The sequence $S_n$ is defined as $$S_1=S_2 =1$$ and for $n\ge 2$, $$S_{n+1}=2(A_n + G_n)$$ where $A_n = \frac {S_n+S_{n-1}}{2}$ is the arithmetic mean and $G_n= \sqrt { S_nS_{n-1} }$ is the geometric mean.
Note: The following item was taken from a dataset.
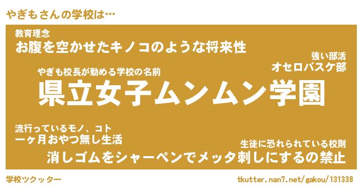 | 意味不明あだ名 | 『ペロリンやぎも』『やぎもフォーエバー』 |

Claim: $$S_n = (F_n)^2$$ where $F_n$ stands for Fibonacci's numbers.
My solution:
$$S_{n+1}=2(A_n +G_n)= 2(\frac {S_n+S_{n-1}}{2}+\sqrt { S_nS_{n-1} })$$
$$=S_n+S_{n-1}+2\sqrt { S_nS_{n-1} }$$
$$= ( \sqrt { S_n} + \sqrt S_{n-1} )^2$$
$$\sqrt { S_{n+1}}=\sqrt { S_n} + \sqrt S_{n-1} \implies $$
$$\sqrt { S_n} =F_n \implies S_n = (F_n)^2$$
$$S_{n+1}=S_n+2\sqrt{S_nS_{n-1}}+S_{n-1}=(\sqrt{S_n}+\sqrt{S_{n-1}})^2$$ So if we let $F_n=\sqrt{S_n}$, then $F_1=F_2=1$ and $$F_{n+1}=F_n+F_{n-1}$$ Can you take it from here?